At a minimum, you should do marriage counseling BEFORE you get married. If she can’t find some way of forgiving the small things, you are doomed. Sorry, that is an absolute. I absolutely would not marry someone who carries around a list of ‘wrongs’ like this. They will make you miserable because they hold a grudge.

Not even being ‘perfect’ will work because....... you are human I assume; This means you will most assuredly make mistakes small and big in your life. Perfection in life is impossible; Its messy. If she’s going to hold onto them like that, over time, she’ll be carrying a lot of baggage and holding it over your head. It only grows. There will be zero respect because in her mind, you have continually screwed up and won’t ever be anything more than a sum of your mistakes. Do you really want that? I could play it out for you.... But the bottom line is there isn’t a happy ending in it.


----------



## His_Pixie (Jan 29, 2012)

Bah. That's ridiculous. And you know it or you wouldn't have posted this. You will never be perfect and you will always be crawling to her, abasing yourself. Really...is it worth it?


----------



## Hicks (Jan 14, 2011)

adapting said:


> Here's how our arguments usually resolve themselves. We argue, I talk about what I can do to make up, I try to comfort her, she blows me off, I talk to her about forgiveness, she acts unforgiving, I break down and cry because I feel like a failure and a disappointment, she doesn't do anything to comfort me, we end up just dropping it because she says it's done and she has what she wants, she goes about her business, I feel ****ty for the next few hours sometimes until the next day, she doesn't do anything to let me know things are alright, she says she never forgets and never forgives and we were never not alright, she's alright I feel terrible beyond what I believe is necessary for what I have done.
> 
> I don't understand how someone can hold so much unforgiveness on their shoulders.


It has nothing to do with a policy of unforgiveness. It is how she dominates you. And it clearly works very well for her, so she will not change one bit, until you stop buying into it. 

What you describe is a recipe for disaster in marriage, but you can fix it by standing up for yourself and not being a puppy dog that tries to cry to gain her "forgiveness".


----------



## sinnister (Dec 5, 2010)

You break down and cry? You're not even married yet? Do you know how many deep and disturbing arguments you guys are going to have once the I do's are done?

You have some serious thinking to do.


----------



## C123 (Jun 20, 2012)

I am happy you asked this question and I'm sure that even though you expected them, the responses you received are not what you wanted to hear.

I will repeat the salient points: Get out now. You cannot be in a healthy relationship with this person. What now only applies to little things you do wrong will expand to everything you ever do. Nothing will be good enough...ever. You will live under this person's thumb forever and will never have any self worth. You should not be tormented like this, even 30 years into a relationship, and definitely not before the marriage has even begun. 

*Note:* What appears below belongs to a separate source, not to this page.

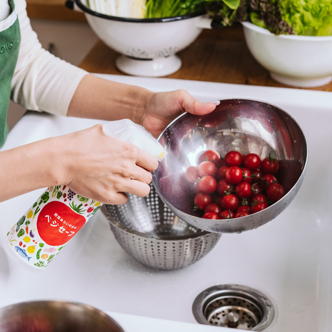 ベジセーフは、店頭に並ぶ野菜や果物の品質を保つために使われる防腐剤や、残留農薬の除去に、このアルカリ電解水を応用できないかと考え開発いたしました。クリーニング事業で汚れを落とすこと、人の健康にこだわってきたからこそ生まれたのが、このベジセーフです。

This person is not who you want as the mother of your children and as your partner in life. She may be beautiful, funny, great in bed, charming, etc., etc., but she is never going to be the wife you need and if she truly can't forgive, you are walking directly through the gates of hell if you choose to marry her.

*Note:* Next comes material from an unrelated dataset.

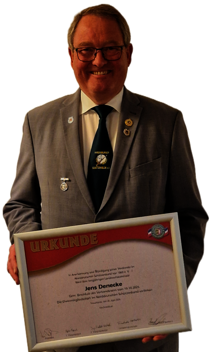 In Anerkennung seines langjährigen, herausragenden Engagements wurde der ehemaligen Landesschatzmeister und Vizepräsident Jens Denecke zum Ehrenmitglied des Norddeutschen Schützenbundes ernannt.
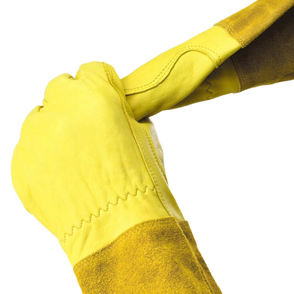 Feature: 1. Premium Material for Protection: Our rose pruning gloves are crafted from 100% natural, high-quality goatskin, offering unparalleled puncture resistance to keep your hands safe and scratch-free. This material provides the best breathability among all leather gloves, ensuring your hands stay cool and comfortable during long gardening sessions. 2. Elbow-Length for Full Coverage: Designed with protection in mind, our gardening gloves extend up to the elbow, providing comprehensive coverage. The extended cowhide cuffs safeguard your forearms against cuts and scratches, making these gloves ideal for handling roses and other thorny plants. 3. Durability Meets Comfort: Not only are our working mittens puncture-resistant, but they also boast excellent breathability and heat resistance, ensuring durability and comfort. Whether you're working under the hot sun or dealing with prickly plants, these gloves will keep your hands protected and comfortable. 4. Versatile Garden Gloves for Every Task: These labor protection long elbow gloves are not just for pruning roses. Their design and protective features make them suitable for a wide range of gardening tasks, from planting and weeding to handling compost and yard waste, providing a versatile solution for all your gardening needs. 5. Enhanced Safety Features for Peace of Mind: Our garden gloves are thoughtfully designed with the gardener's safety in mind. The combination of high-quality goatskin and extended cowhide cuffs offers a protective barrier against thorns, sharp objects, and heat, ensuring your gardening experience is not only productive but also safe. With these gloves, you can focus on beautifying your garden without worrying about potential injuries. Specification: Origin: Mainland China Product size: 410.00x100.00x50.00mm Product size: 16.14x3.94x1.97inch Material: Sheepskin Color: As shown Size: Hand circumference: M: 8.50-8.97 inches/21.5-22.7 cm L: 22.7-24cm XL: 9.44-10 inches/24cm-25.4cm Overall length M: 16.14 inches/41 cm L: 16.53 inches/42 cm XL: 16.92 inches/43 cm Palm length: M: 7.48 inches/19 cm L: 7.87 inches/20 cm XL: 21 cm Sleeve length: 22cm

Sorry, but I just needed to be as clear as possible. I've been married for 9 years, so I'm not a newlywed. Marriage does not get easier with time and these issues will only get worse. Then one day you'll wake up and resent her and your life and wonder how you ever got here. Don't ignore the advice you're getting my all of these really good people on this site.

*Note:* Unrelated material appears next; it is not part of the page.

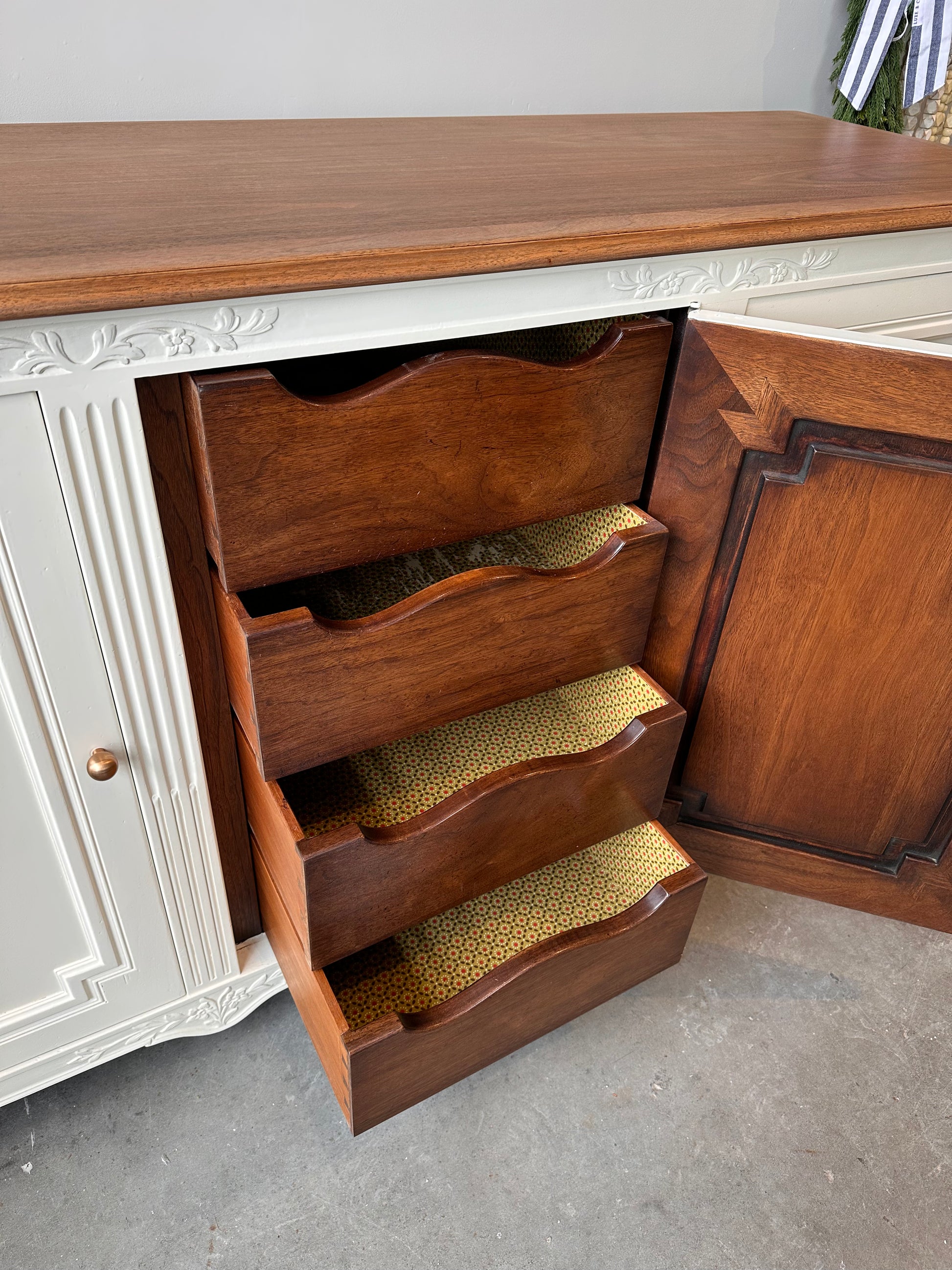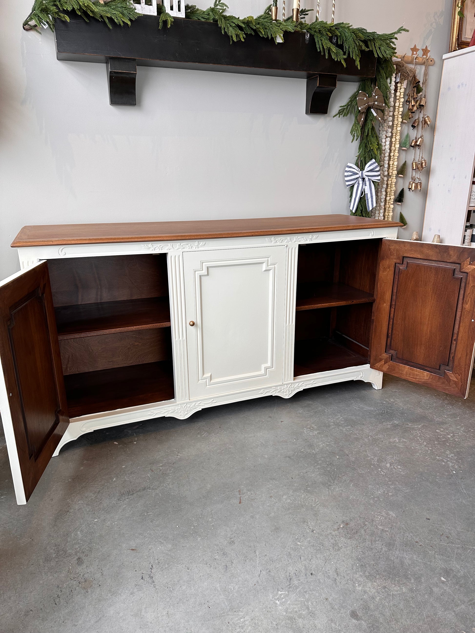 This might be the perfect statement piece for your dining room! The combination of antique white, walnut, and carved floral details is stunning. It's a great piece for those who want to add a vintage or farmhouse twist to their modern space.

At the very least, go see a marriage counselor first, but from what you're saying, I'm not sure she'll even agree to that. I'd make it an absolute condition of the marriage.


----------



## MPDBlues (May 26, 2012)

Non-forgiveness is not only BS but it's impossible...if she was really completely unforgiving she wouldn't be with you...or for that matter anyone else, because she would see everyone as a waist of her time...

You need to read 3 books NOW!!!!

"*No More Mister Nice Guy*", by Robert Glover...(from a quintessential former "Nice Guy")
"*The Married Mans Sex Life Primer*", by Athol Kay (as mentioned above, this one is a must, single or married)
And "*Awareness*", by Anthony De Mello...(to see the benefit or detaching yourself)

If you marry this girl as things stand right now, you will continue to be a broken little boy to her for the rest of the time SHE decides to stick around...You need to take a GIANT step towards manning up and pull a complete 180 on her...She likes to take every little thing and set blame and then not tell you what was the wrong or forgive you for it...DO THE SAME TO HER...but do so WITHOUT ANGER...I know this sounds very odd but having begun this proccess myself not too long ago I know it works...Those 3 books will be a major wake up call to your situation before you get trapped into a loveless, full or endless resentment, sexless marriage, and I mean TRAPPED!!!


----------



## Dayhiker (Mar 5, 2011)

Next!!! 

Seriously, run, do not walk away from this one. Then take the time to fix yourself as the other posters have suggested. Once you start to value yourself you won't tolerate such poor behavior and you will be able to find a woman who values and respects you.

The way I see it, if you think it's bad now, it will only get worse after you get married.


----------